08-04 Server Migration

2019-08-04

This weekend, I was finally ready to do some much-needed devops work.

Problem

The main AVWX API servers and cache were hosted in separate regions. This was due to poor planning and just getting things to work in the beginning when I was handling 10k per day instead of per minute.

The caching layer was implemented with Azure CosmosDB with a MongoDB client. This worked well for high read, low write caching because CosmosDB pricing is based on writes. However, while you don't need to worry about clusters or migrations, the table throughput would not autoscale. It also would become too expensive to include metric counting because analytics are low read, high write.

Solution

Replace CosmosDB with traditional DB cluster and host it in the same data center as the API.

Process

First, I replaced CosmosDB with a MongoDB cluster hosted in Azure US East 2 managed by MongoDB Cloud Atlas. I was already using the Mongo client, so no code changes were necessary. Because CosmosDB was only holding cache data, I did not need to worry about data migration either.

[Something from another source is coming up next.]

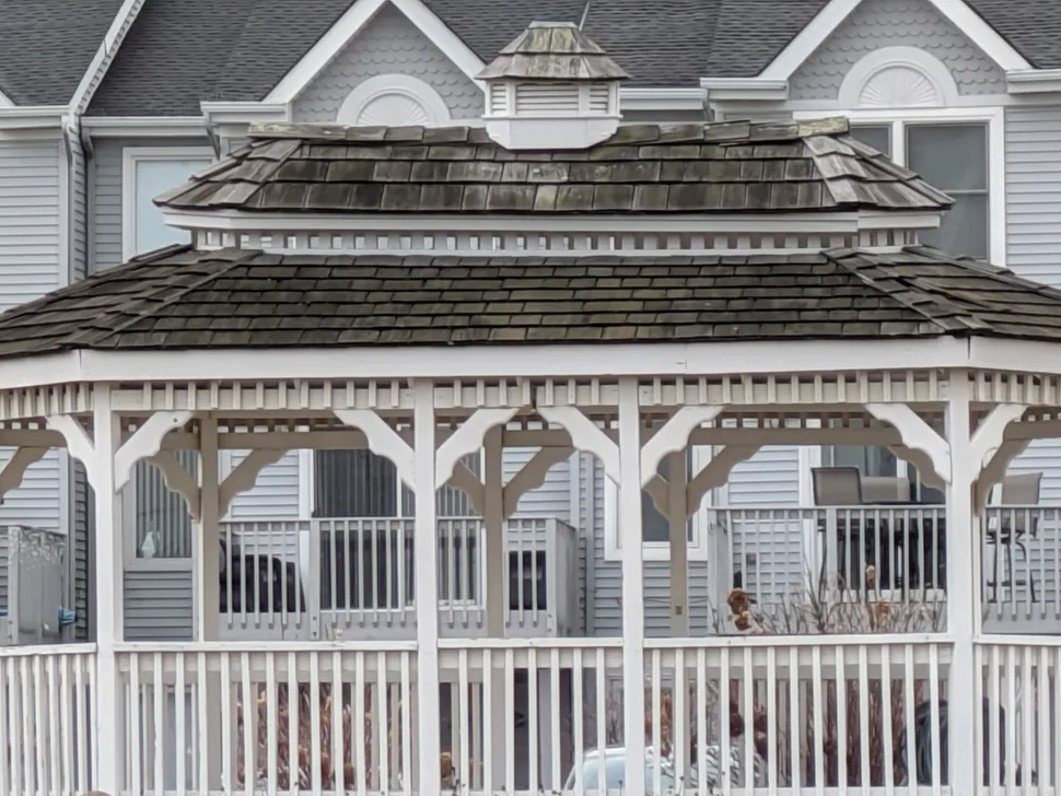 При 2-кратном увеличении результаты по-прежнему в пользу iPhone 16e. Четвёртый набор фотографий с крупным планом беседки показывает чуть более чёткую картинку с деревянной черепицей на крыше. Опять же, разница не существенная, но заметная.

Next, I created a new Azure Web App in US East 2 to host the Docker container. The configuration was identical to the previous server, but Azure does not support duplicating a Linux container app between regions. Once the server was properly configured, the A record was updated to point to the new IP address.

A happy accident that I found was that traffic slowly began migrating to the new server as the updated record propogated to the various DNS systems. This allowed the new cache to gracefully build up and for me to quickly address any issues that arrose during the switch.

Result

I now have the API and database in the same region. This cut the average response time from from 48ms down to 11ms. As of this post, 85% of traffic has moved to the new server in the first 16 hours with the old server scaled down to handle the remaining traffic. It will eventually be deleted as the traffic gets near zero. There are still some 5xx errors popping up that inflate the average response time still, but these are erratic and should either disappear or be addressed later as they represent less than 0.001% of traffic.

Next Steps

Now that the database is more friendly to high write data, I need to enable the station counting system previously tested.